**TASK:**
Repeat every entry exactly. Do not include the pictures.

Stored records

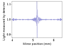 An interferogram from an FTIR measurement. The horizontal axis is the position of the mirror, and the vertical axis is the amount of light detected. This is the "raw data" which can be Fourier transformed to get the actual spectrum.
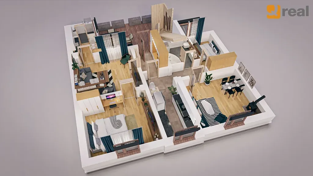 Přízemí je rozděleno na dva byty 2+1 se společnou prostornou verandou a přes tuto je pak vstup po schodech do podkroví o vel. 3+1 s balkonem a komorou. Lze zde vybudovat terasu se vstupem přímo z obývací části.
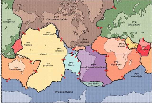 Granice płyt tektonicznych zostały przedstawione orientacyjnie na rysunku:
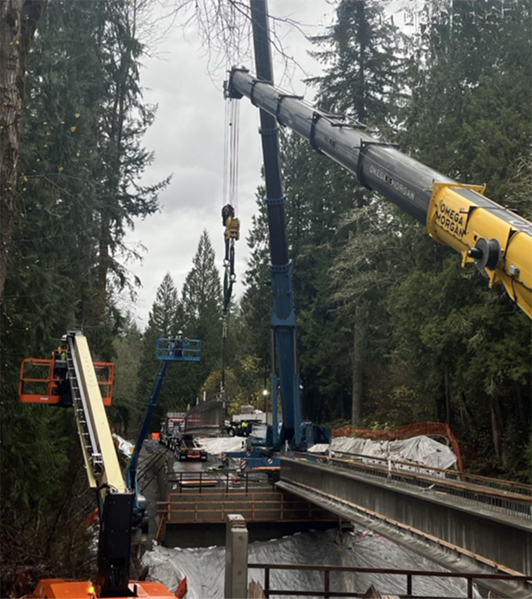 November 2024 – Girders are concrete beams that serve as the primary support for the bridge deck. Cranes are used to guide these girders into place over Ames Creek.
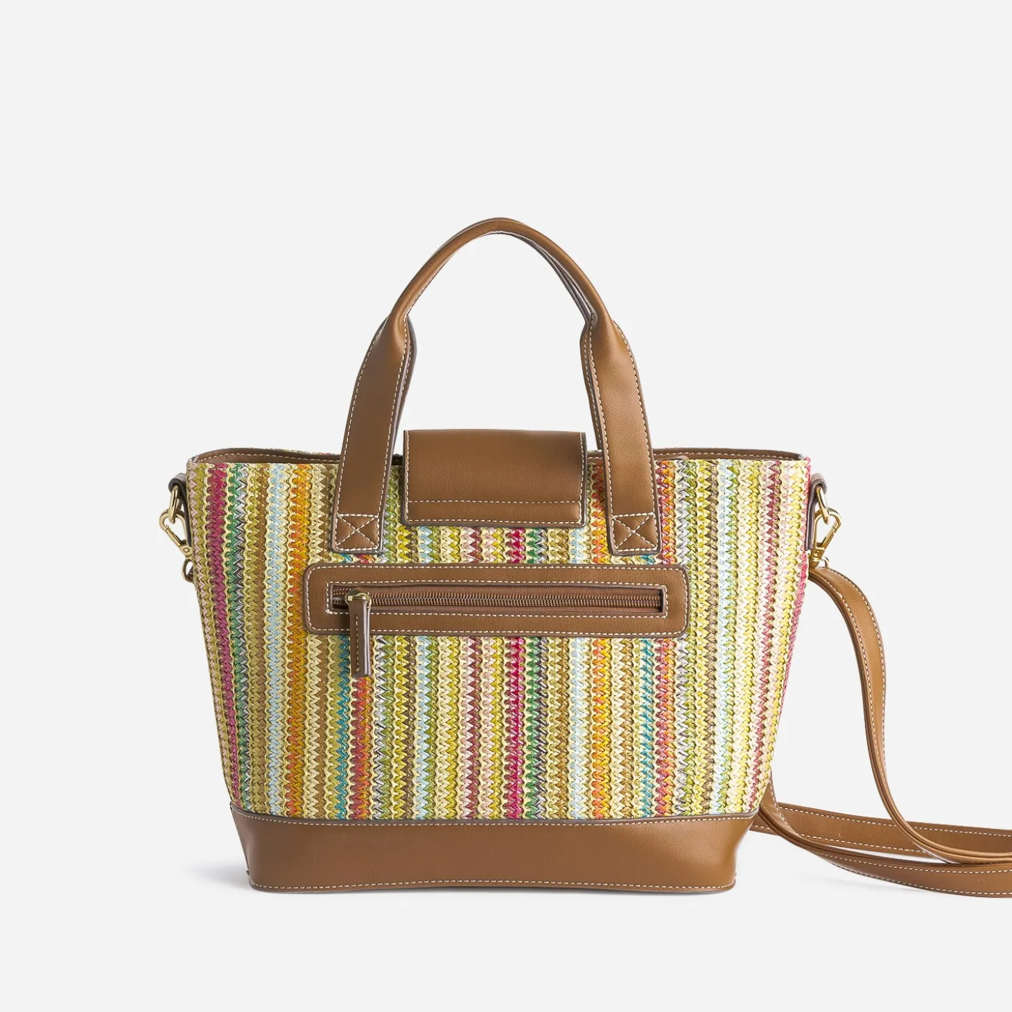 L’été appelle des touches colorées, des techniques artisanales, le tout réinventé pour le monde urbain. La preuve avec ce sac à main pour femme. En matière synthétique, il associe un tressage multicolore au camel élégant et métalleries dorées raffinées. Le compartiment principal présente 2 poches internes dont 1 zippée, et se ferme par zip et aimant. A la main, sur l’épaule ou croisé, adaptez son porté à votre activité. Fermeture par zip et aimant. 1 compartiment, avec 2 poches internes, dont 1 zippée. 1 poche externe zippée. Bandoulière réglable et amovible. Dimensions : 23 cm (h) x 38 cm (l) x 12 cm (p)

**PROBLEM SOLUTION:**
 An interferogram from an FTIR measurement. The horizontal axis is the position of the mirror, and the vertical axis is the amount of light detected. This is the "raw data" which can be Fourier transformed to get the actual spectrum.
 Přízemí je rozděleno na dva byty 2+1 se společnou prostornou verandou a přes tuto je pak vstup po schodech do podkroví o vel. 3+1 s balkonem a komorou. Lze zde vybudovat terasu se vstupem přímo z obývací části.
 Granice płyt tektonicznych zostały przedstawione orientacyjnie na rysunku:
 November 2024 – Girders are concrete beams that serve as the primary support for the bridge deck. Cranes are used to guide these girders into place over Ames Creek.
 L’été appelle des touches colorées, des techniques artisanales, le tout réinventé pour le monde urbain. La preuve avec ce sac à main pour femme. En matière synthétique, il associe un tressage multicolore au camel élégant et métalleries dorées raffinées. Le compartiment principal présente 2 poches internes dont 1 zippée, et se ferme par zip et aimant. A la main, sur l’épaule ou croisé, adaptez son porté à votre activité. Fermeture par zip et aimant. 1 compartiment, avec 2 poches internes, dont 1 zippée. 1 poche externe zippée. Bandoulière réglable et amovible. Dimensions : 23 cm (h) x 38 cm (l) x 12 cm (p)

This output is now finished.